En résumé : le guide de décision pour paysagiste
Choisir votre statut juridique paysagiste dépend de trois facteurs clés : votre niveau de responsabilité souhaitée, votre chiffre d’affaires actuel et prévisible, et votre ambition de croissance. Entreprise Individuelle (EI) : démarrage rapide, idéal si chiffre d’affaires inférieur à 30 000 € et faible risque. Coût : moins de 150 €. Impôts/cotisations : 20 % du bénéfice. EURL : protection du patrimoine, flexibilité fiscale, chiffre d’affaires 30 000 € à 150 000 €. Coût : 300 € à 800 €. Impôts/cotisations : 20 % à 40 % selon option fiscale choisie. SASU : protection optimale, scalabilité, chiffre d’affaires 150 000 € et plus, ou potentiel multi-associés. Coût : 600 € à 2 500 €. Impôts/cotisations : 40 % à 50 % du bénéfice selon configuration. Consultez un expert-comptable local ou un avocat d’affaires pour affiner votre choix en fonction de votre situation précise. Retournez à notre accueil pour découvrir nos autres ressources sur la gestion entrepreneuriale en paysagisme.
FAQ : réponses courtes sur statut juridique paysagiste
Quel est le meilleur statut juridique pour débuter comme paysagiste ?
L’Entreprise Individuelle est le meilleur choix pour débuter. Elle offre une création ultra-rapide (quelques jours), des frais minimaux (50 € à 100 €), et aucune formalité administrative préalable. Vous commencez à générer du chiffre d’affaires immédiatement. Passez à l’EURL dès que vous dépassez 30 000 € de bénéfice pour bénéficier de la protection du patrimoine.
Combien coûte la création d’une EURL pour paysagiste ?

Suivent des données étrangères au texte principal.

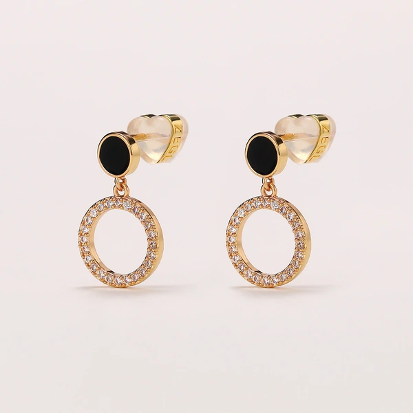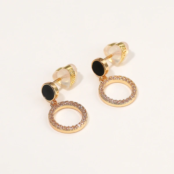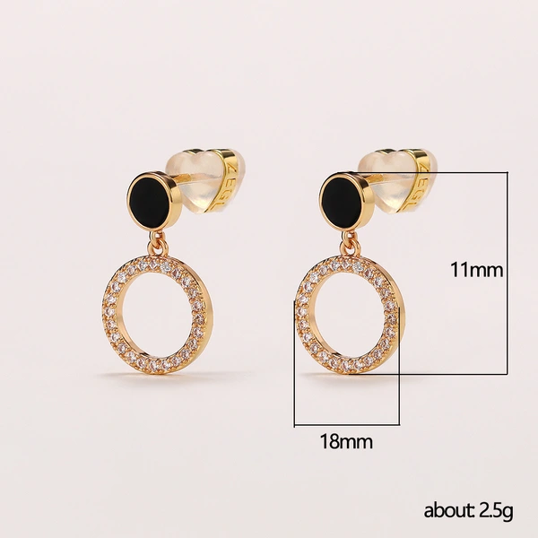 Brincos simples de moda coreana, brincos de disco preto geométricos com círculo oco para mulher, brincos de zircónia microincrustada

La création d’une EURL coûte entre 300 € et 800 € si vous la faites vous-même (annonce légale 150-200 €, frais d’immatriculation 100-150 €, statuts gratuits en ligne). Avec un professionnel (expert-comptable, avocat), comptez 1 000 € à 2 000 €. C’est un investissement unique en début d’activité.

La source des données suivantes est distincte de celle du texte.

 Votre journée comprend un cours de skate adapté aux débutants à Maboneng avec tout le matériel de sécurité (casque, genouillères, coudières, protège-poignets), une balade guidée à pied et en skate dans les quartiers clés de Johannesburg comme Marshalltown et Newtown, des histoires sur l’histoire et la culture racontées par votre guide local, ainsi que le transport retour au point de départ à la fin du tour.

Quelles sont les cotisations sociales pour un paysagiste en SASU ?
En SASU, vous êtes salarié obligatoirement. Sur un salaire brut de 40 000 €, les cotisations sociales (salariales + patronales) atteignent environ 20 000 € au total (3 200 € salariales + 16 800 € patronales). C’est plus élevé qu’en EI ou EURL-TNS, mais vous bénéficiez d’une meilleure couverture retraite et invalidité.
Peut-on passer d’une EI à une EURL sans perdre sa clientèle ?

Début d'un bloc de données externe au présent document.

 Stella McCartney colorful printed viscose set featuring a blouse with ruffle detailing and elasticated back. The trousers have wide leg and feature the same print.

Oui, absolument. Vous créez une EURL en parallèle, informez vos clients de la transition, et transférez progressivement les contrats. Il n’existe aucune obligation de fermer l’EI instantanément. L’apport d’éléments d’actif (matériel, clientèle) de l’EI à l’EURL peut générer une plus-value imposable, consultez un expert-comptable pour optimiser.